Volcano plot of differentially abundant proteins between MIS-C and mild/asymptomatic SARS-CoV-2. Proteins in the volcano plot are shown as red circles (Holm corrected p value ≤ 0.05), green circles (Holm corrected p value ≤ 0.05 and ≥ twofold change) and orange circles (Holm corrected p value > 0.05 and ≥ twofold change).
Pathway enrichment analysis of differentially abundant proteins. Pathway analysis was conducted on lists of proteins differentially expressed in MIS-C vs. mild/asymptomatic SARS-CoV-2 infection (FDR < 0.05 and p value < 0.05) and the reactome and gene ontology (GO) biological processes databases. The top 20 pathways ranked by p value are shown for differentially increased proteins in MIS-C (panel A, Reactome; panel B, GO) and differentially decreased proteins in MIS-C (panel C, Reactome; panel D, GO).

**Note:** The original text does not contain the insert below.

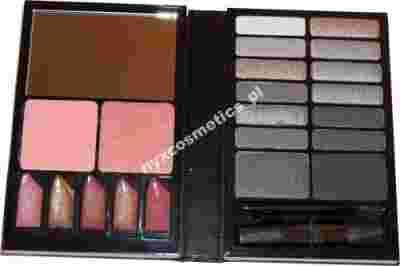 Zawiera 14 dobrze dobranych kolorystycznie mocno napigmentowanych cieni, 2 róże, 5 szminek,
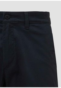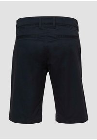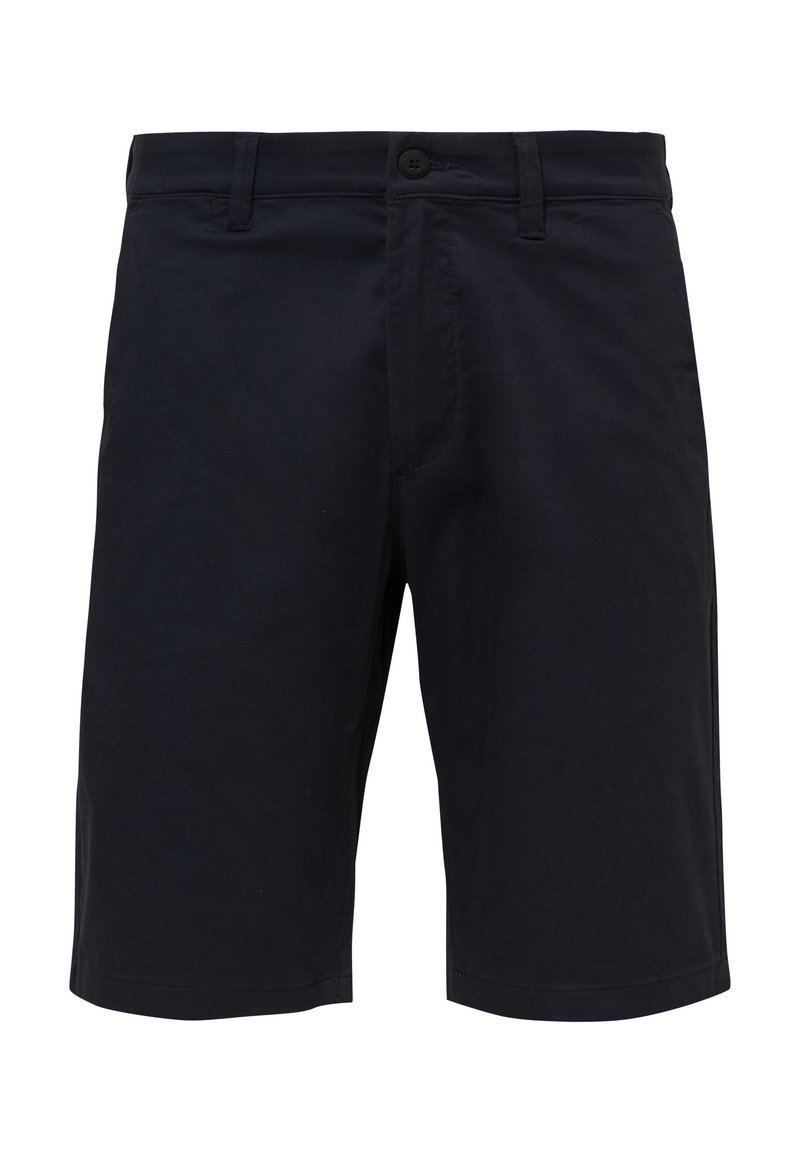 Shorts noirs à genoux avec passants pour ceinture, fermeture par bouton, et un design net et ajusté.

Development of a support vector machine (SVM) model
To develop a plasma protein signature, we first used the Holm correction13, which resulted in 34 proteins having a corrected p value of ≤ 0.05. To evaluate the ability of these proteins to distinguish MIS-C from mild/asymptomatic cases, we employed an SVM machine-learning algorithm. We selected proteins using three criteria: (1) Holm corrected p value, (2) intercept, a coefficient that accounts for protein abundance levels, and (3) increased abundance in MIS-C relative to controls. The latter criterion was applied since biomarker level increase may be suitable for the downstream development of immunodiagnostic assays for clinical use. We ranked the proteins by intercept and used the top three (ORM1, SERPINA3, AZGP1) (Table 2) to build an SVM classifier model. This model exhibited high specificity (90.0%) and sensitivity (88.2%), and an area under the ROC curve (AUC) of 93.5% (CI 84.8–100%). Using two proteins yielded a lower AUC (90.4%; CI 86.8–94.0%), while adding more proteins to the model did not improve its characteristics. We next validated the model by utilizing an independent set of 19 MIS-C and 10 mild/asymptomatic infection control samples to match the groups used in the training set. The resulting model had a specificity of 90.0%, a sensitivity of 84.2%, and an AUC of 87.4% (CI 74.1–100%) (Fig. 4 and Table 3), showing that our SVM algorithm can predict MIS-C with high accuracy.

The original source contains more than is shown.